Age does not contribute to Covid-19 susceptibility: Study
In the study, published in the journal 'Scientific Reports', the scientists chose to analyse data from Italy, Spain and Japan to determine if any relationship between age, susceptibility and severity exists
Scientists have estimated that the age of an individual does not indicate how likely they are to be infected by Covid-19, however, the development of symptoms, the progression of the disease, and mortality are age-dependent.
There have been a large number of deaths due to the ongoing Covid-19 pandemic, and it has been shown that elderly individuals disproportionately develop severe symptoms and show higher mortality.
The research team from Hokkaido University in Japan, have modelled available data from Japan, Spain and Italy to show that susceptibility to Covid-19 is independent of age, while the occurrence of symptomatic Covid-19, severity and mortality is likely dependent on age.
"Causes of mortality in elderly individuals may be due to two factors: how likely they are to be infected due to their advanced age, which is reflected in the number of cases; and, how likely they will be affected by a severe form of the disease due to their advanced age, which is reflected in the mortality rate," the study authors wrote.
In the study, published in the journal 'Scientific Reports', the scientists chose to analyse data from Italy, Spain and Japan to determine if any relationship between age, susceptibility and severity exists.
These three countries were chosen as they have well recorded, publicly available data. As of May 2020, the mortality rate (number of deaths per 1,00,000) was 382.3 for Italy, 507.2 for Spain and 13.2 for Japan.

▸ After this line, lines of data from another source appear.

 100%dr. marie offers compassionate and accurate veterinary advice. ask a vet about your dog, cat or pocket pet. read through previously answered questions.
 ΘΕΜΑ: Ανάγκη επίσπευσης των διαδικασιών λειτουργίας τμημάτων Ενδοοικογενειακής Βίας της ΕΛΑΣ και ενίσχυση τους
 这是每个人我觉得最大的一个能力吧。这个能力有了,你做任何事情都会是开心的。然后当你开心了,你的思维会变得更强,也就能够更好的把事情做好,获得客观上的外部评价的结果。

However, despite the wide disparity in mortality rates, the age distribution of mortality (the proportional number of deaths per age group) was similar for these countries.

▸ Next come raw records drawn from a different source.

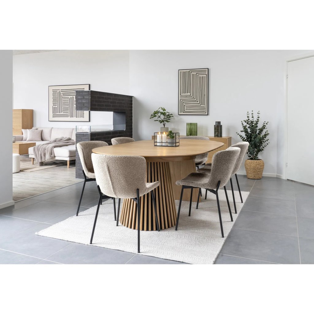 Táto jedálenská zostava v prírodnom dubovom dekore a neutrálnej béžovej látke skvele zapadne do moderných, škandinávskych aj prírodne ladených interiérov. Vďaka svojmu nadčasovému vzhľadu ju možno ľahko kombinovať s kovovými doplnkami, prírodnými textíliami aj svetlými či tmavšími odtieňmi v interiéri. Odporúčame doplniť o prestieranie z prírodných materiálov, dekoratívne vázy alebo sviečky pre vytvorenie príjemnej a útulnej atmosféry v jedálni.
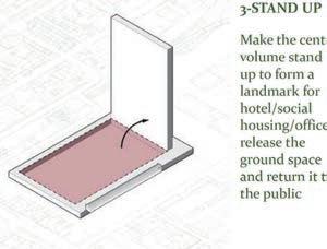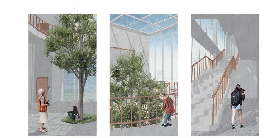 STEP 2 We considered the connection between the site and buildings with educational attributes in the city and took full advantage of the site's features to provide a speci c space for extracurricular activities for the group of students.
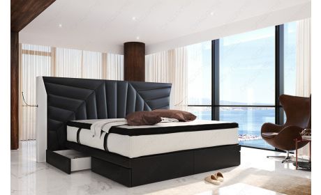 Boxspringbett Monaco mit Stoffbezug, LED-Beleuchtung und 4 Schubladen
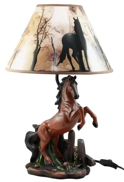 • This Rearing Horse Lamp comes with the shade as pictured. Made of polyresin, hand painted and polished, the quality finish is superb! Because all our products are individually hand painted work of art, the color tone may vary from the pictures. • The overall lamp measures about 19" tall. The shade 12" in diameter and 7.25" tall. • The body of the lamp measures approximately 13.25" tall, 8.5" long and 5.5" deep. • Use only Type A light bulb (not included), Max 40 watt. Approx. 4 1/2 ft. UL Approved electric cord with on/off switch. • This is an Ebros Gift exclusive collection.
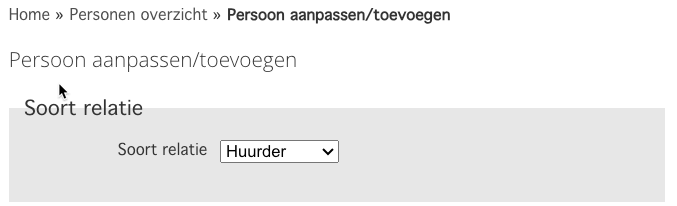 Of ga naar "Relaties -> Relatie toevoegen" en kies daar voor het toevoegen van een huurder.
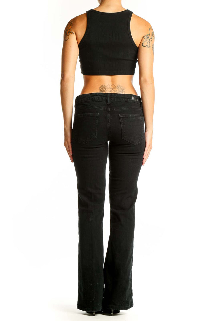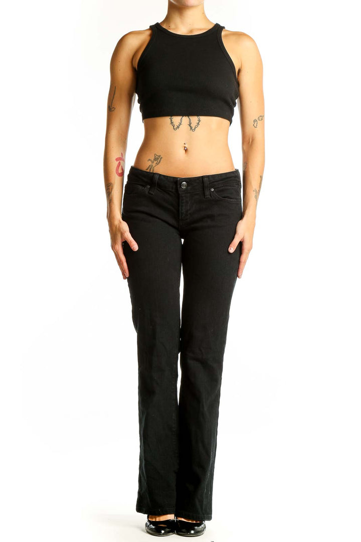 Step out in style with these sleek black bootcut jeans from Paige. Crafted from a comfortable cotton-spandex blend, these jeans offer the perfect balance of stretch and structure. The slim fit through the hips and thighs flares subtly at the knee, creating a flattering silhouette that elongates your legs. With a mid-rise waist and a 39-inch length, these jeans are ideal for pairing with heels or boots. The classic five-pocket design and subtle branding add a timeless touch to these versatile pants. In good condition, these Paige jeans are a wardrobe staple that will take you from day to night with ease.
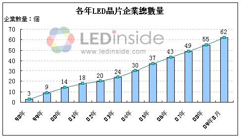 - 至2009年8月現存LED芯片生產企業達62個
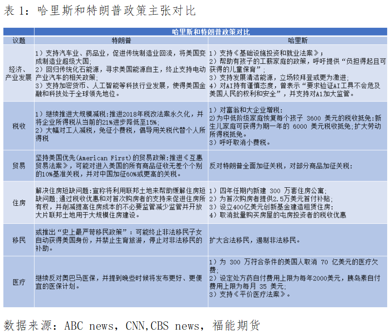 对美国通胀来看,特朗普主张“减税+提高关税+控制移民”的政策组合具有较强的通胀性,进而对大类资产造成影响。若哈里斯胜选,美国经济延续现状的概率更大,其“低物价、低税收、高社会保障”的政策主张所带来的供给侧通胀压力小。
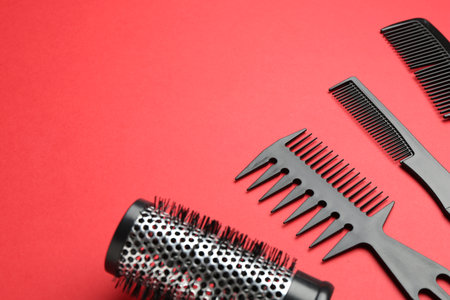 Different hairdresser's tools on red background, closeup. Space for text
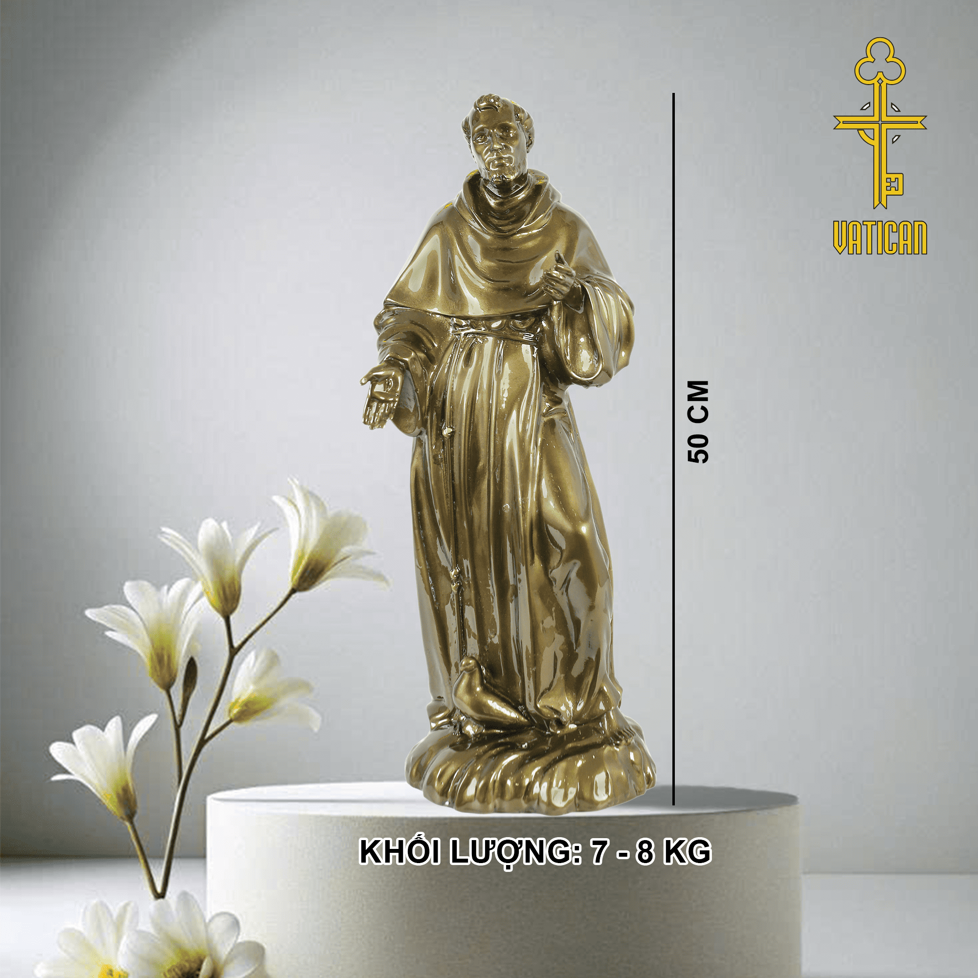 Thánh Phanxico là vị thánh biểu tượng cho đức khiêm nhường, lòng bác ái và tình yêu thiên nhiên. Tượng Thánh Phanxico cao 50cm màu hun giả cổ không chỉ mang giá trị thẩm mỹ mà còn nhắc nhở người chiêm ngắm về đời sống giản dị, tinh thần hướng thiện.

The scientists developed a mathematical model to calculate susceptibility in each age group under different conditions.
They also factored in the estimated human-to-human contact level in each age group, as well as varying restriction levels for outside-home activities in the three countries.
The model showed that the susceptibility has to be unrealistically different between age groups if they assume age does not influence severity and mortality.
On the other hand, the model indicated the age should not influence susceptibility but should negatively influence severity and mortality, to explain the fact that the age distribution of mortality is similar between the three countries, the study noted.